Delayed And Done Transitions

  • TransitionTrigger::AfterSeconds checks the source state's elapsed time.
  • Leaving a state discards the active path that the timer belonged to, so the timer effectively stops applying.
  • TransitionTrigger::Done becomes valid when every active child region of the source compound/parallel state reaches a final state.

Transient states are supported, and validation detects unconditional transient-only cycles that would never quiesce.

Blackboard Model

The blackboard is intentionally simple:

  • keys are declared in the machine definition
  • keys resolve to stable dense IDs at build time
  • values use a compact BlackboardValue enum for hot-path reads
  • writes bump a revision counter and track dirty keys
  • schema-aware writes reject mismatched value types once the schema is installed

Supported value types in v0.1:

  • f32
  • i32
  • bool
  • Entity
  • Vec2
  • Vec3
  • String

Asset Definitions

Machine definitions can now enter the runtime through StateMachineDefinitionAssetLoader as well as pure Rust builders.

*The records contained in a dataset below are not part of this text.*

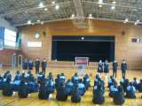 前期生徒会役員立候補者の立会演説会を開催しました。 舞台の緞帳が上がらなく...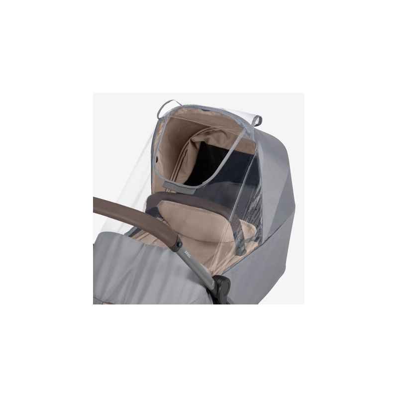 Plástico de lluvia transparente y resistente para el capazo Joolz Aer 2, diseñado para proteger al bebé del agua, el viento y las inclemencias del tiempo. Ajuste perfecto, fácil de colocar y con visibilidad total, ideal para paseos seguros incluso bajo lluvia intensa.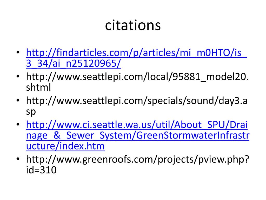 citations • http://findarticles.com/p/articles/mi_m0HTO/is_3_34/ai_n25120965/ • http://www.seattlepi.com/local/95881_model20.shtml • http://www.seattlepi.com/specials/sound/day3.asp • http://www.ci.seattle.wa.us/util/About_SPU/Drainage_&_Sewer_System/GreenStormwaterInfrastructure/index.htm • http://www.greenroofs.com/projects/pview.php?id=310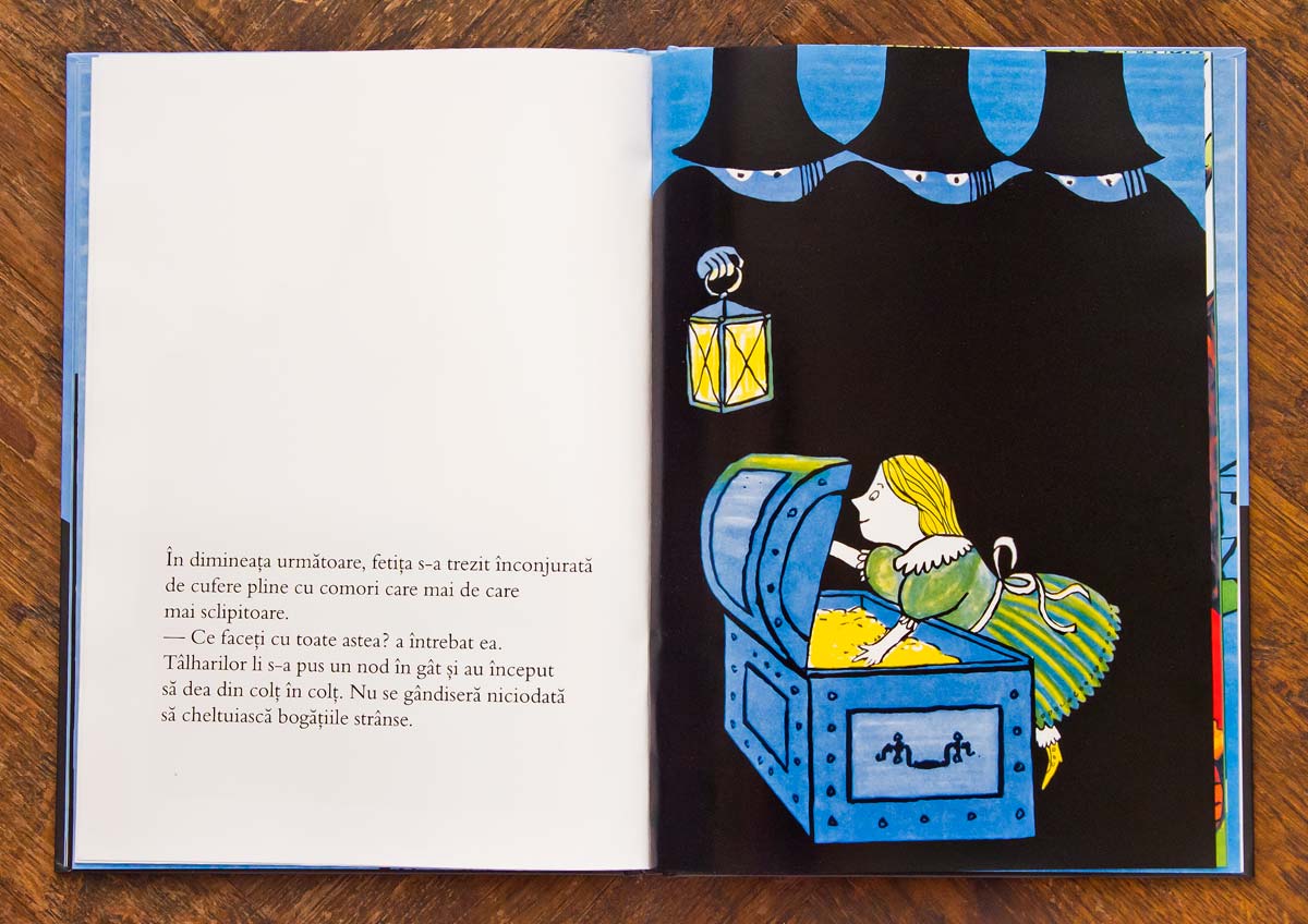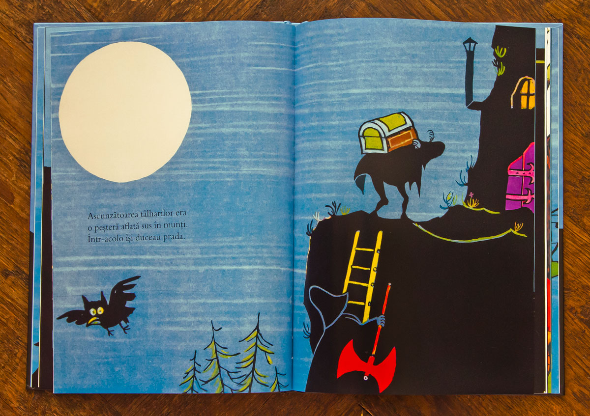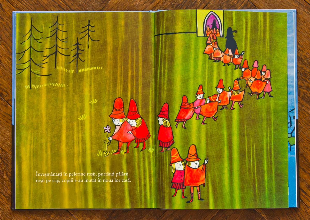 Pentru cei mici, frazele scurte și povestea simplă sunt foarte potrivite (eu mi-aș fi dorit mai mult text, evident), iar din această economie de cuvinte, autorul reușește să construiască o istorioară cu tâlc, în care trece de la registrul grav și sumbru la unul luminos și optimist. Schimbarea este percepută și la nivel cromatic, căci de la paginile în care predomină negrul ajungem spre final la cadre pline de culoare. Ilustrațiile mi s-au părut deosebite, mai ales felul în care Tomi Ungerer îi înfățișează pe tâlhari: înveșmântați în mantii negre, li se zăresc doar ochii sub pălăriile ciudate, care pe mine m-au dus cu gândul la niște bordeie. Este una dintre imaginile acelea iconice care vor rămâne întipărite peste ani în mintea micilor cititori, cum va rămâne probabil și această poveste despre influența pozitivă a inocenței și a bunăvoinței, care uneori fac să încolțească sămânța binelui pe un pământ ostil.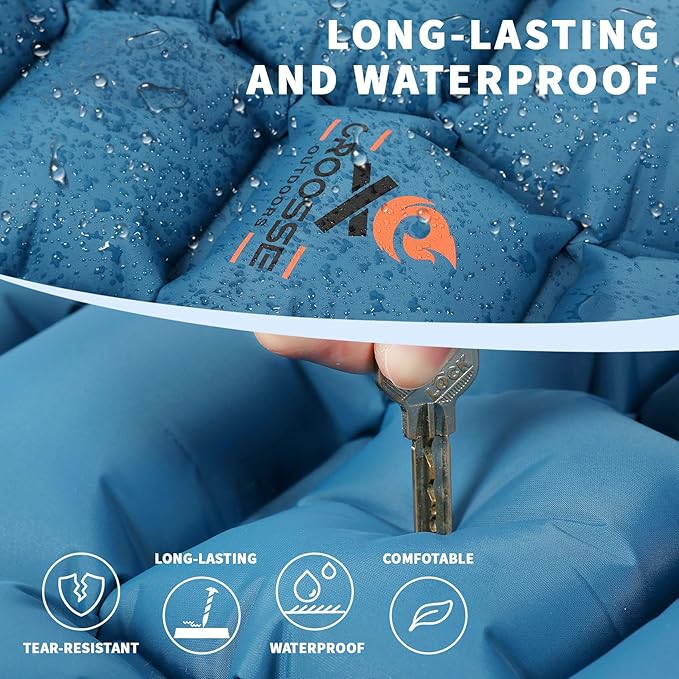 - VERSATILE AND CONVENIENT: This camping inflatable sleeping pad is an essential companion for camping, backpacking, hiking, bike tours and overnight stays in your car. Offering a generous luxurious sleep support, this ultralight sleeping pad ensures you'll rest comfortably no matter where your adventures take you. Make sure you're rested and rejuvenated after a day of outdoor adventure. Croosseoutdoors offers exceptional customer service, so please don't hesitate to reach out if you have any questions

Loaded assets still register into StateMachineLibrary, so the runtime keeps one definition path after load time: built and asset-authored machines share the same validation, IDs, and execution pipeline.

Callbacks

Guard, action, and scorer callbacks are registered once in StateMachineCallbacks and referenced by stable IDs from the definition:

  • Guards: read world state and decide whether a transition is valid
  • Actions: perform world-facing side effects on enter, update, exit, or transition
  • Scorers: compute utility scores without changing machine topology

This keeps definitions data-driven without string dispatch in hot loops.

Trace And Debug Data

Every instance carries a StateMachineTrace with bounded capacity. The trace records:

  • entered states
  • exited states
  • triggered transitions
  • pending transitions waiting on exit readiness
  • blocked transitions

The runtime data needed for BRP/save-load stays directly on StateMachineInstance and Blackboard, so inspecting:

  • active path
  • active leaf states
  • stack contents
  • pending transition
  • queued signals
  • blackboard values
  • recent trace entries

does not require hidden editor-only state.